# The adventures of Bio-Hazard One



## 1scalevolvo (Feb 5, 2004)

Here is my latest '53 Chevy Panel from the stuff Hojohn sent me.Runs on original Aurora T-jet 500 chassis & 3R wheels.Slotrod65 provided decals.Notice rat theme continues with broken grill & rust & grime. :jest:Yes Virginia, this type of vehicle does tend to draw the attention of the Constable's (NYPD).

Neal:dude:


----------



## slotcarman12078 (Oct 3, 2008)

Looks great Neal!!! All fits together nicely!!! Maybe occifer friendly just wants a couple of slices of pepperoni?? Hopefully??? :lol:


----------



## bumpercar88 (Feb 6, 2005)

Nice! Heading to a Superfund site?


----------



## TomH (Jan 17, 2006)

looks like bio_haz might glow in the dark.


----------



## 1976Cordoba (Sep 20, 2000)

TomH said:


> looks like bio_haz might glow in the dark.

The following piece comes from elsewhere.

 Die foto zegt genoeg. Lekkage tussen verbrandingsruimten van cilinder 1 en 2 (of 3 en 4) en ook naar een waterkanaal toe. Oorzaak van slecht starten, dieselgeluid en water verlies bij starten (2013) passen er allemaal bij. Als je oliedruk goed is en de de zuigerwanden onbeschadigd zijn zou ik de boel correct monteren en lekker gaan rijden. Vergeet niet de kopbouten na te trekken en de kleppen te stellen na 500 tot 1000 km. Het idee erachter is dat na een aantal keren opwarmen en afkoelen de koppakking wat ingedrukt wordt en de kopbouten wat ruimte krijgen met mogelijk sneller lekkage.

It would be possible -- wouldn't it -- to goop a pile of Tyco glow in the dark plastic? Like an old glow Corvette or Viper?

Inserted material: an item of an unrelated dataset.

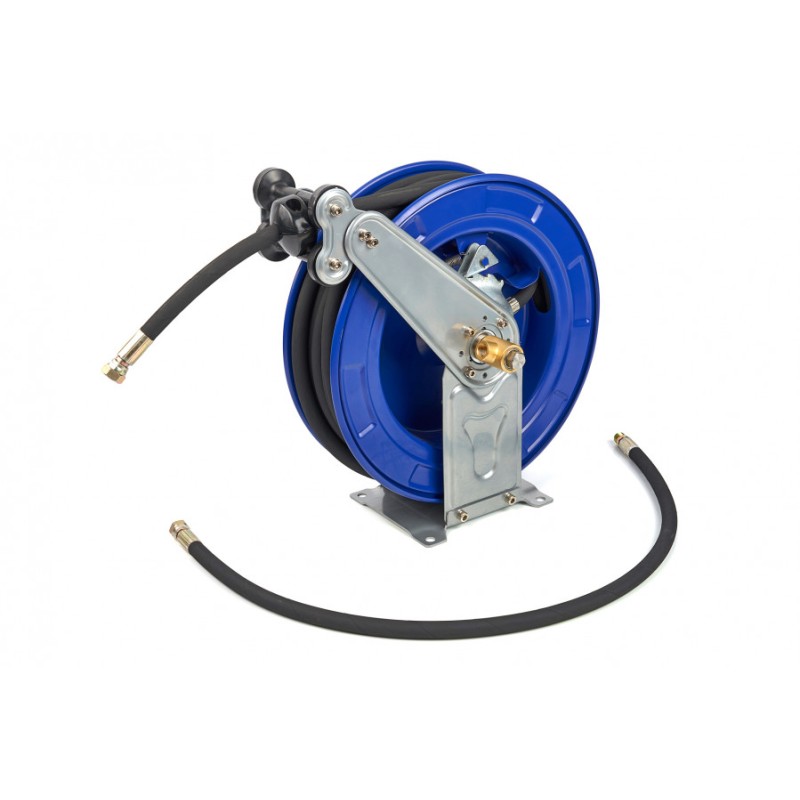 '- Couleur : gris - Matériaux principaux : PVC - Dim. totales : 39L x 21,2l x 36,6H cm - Taille du raccord : Ø 1 / 4 '' (6,35 mm) BSPT - Taille du tuyau : Ø 3 / 8 '' (9,5 mm) - Longueur du tuyau : tuyau de sortie de 15 m + tuyau d'entrée de 1,4 m - Pression de travail : 18 bar - Pression d'éclatement : 54 bar - Température de travail : -5 - 55°C - Accessoires de fixation fournis : support mural + kit de visserie

Maybe make a few puddles of glowing waste . . . :devil:


----------



## slotcarman12078 (Oct 3, 2008)

Why go through all that trouble??? http://www.readysetglo.com/Heat_n_dip_Glowpaint.asp

These look rather interesting!! And checkout the glow times on some of them!!!


----------



## 1976Cordoba (Sep 20, 2000)

slotcarman12078 said:


> Why go through all that trouble??? http://www.readysetglo.com/Heat_n_dip_Glowpaint.asp
> 
> These look rather interesting!! And checkout the glow times on some of them!!!


Spendy!


----------



## slotcarman12078 (Oct 3, 2008)

Spendy there, yes, but the do sell on the bay, and the prices are quite a bit better so long as there isn't a bidding war over the stuff...

Also, if you dig around on this site, the 1oz bottles are like 8-9.00.. And for an interesting effect, they also have it in spray cans!! They list for 18.00. I might pull the trigger on a couple just for giggles.. Yellow paint that glows pink??? LOLOLOL... Shhhh!!! Don't tell anyone!!! :lol:


----------



## bobhch (Apr 22, 2007)

*Gimmy a slice of that pie...*

Neal,

This 53 panel truck is Crazy Cool Dude! What a fun creation you have built once again. I love what you did with it and how you rustic-ized it. I would drive that...yeah baby. 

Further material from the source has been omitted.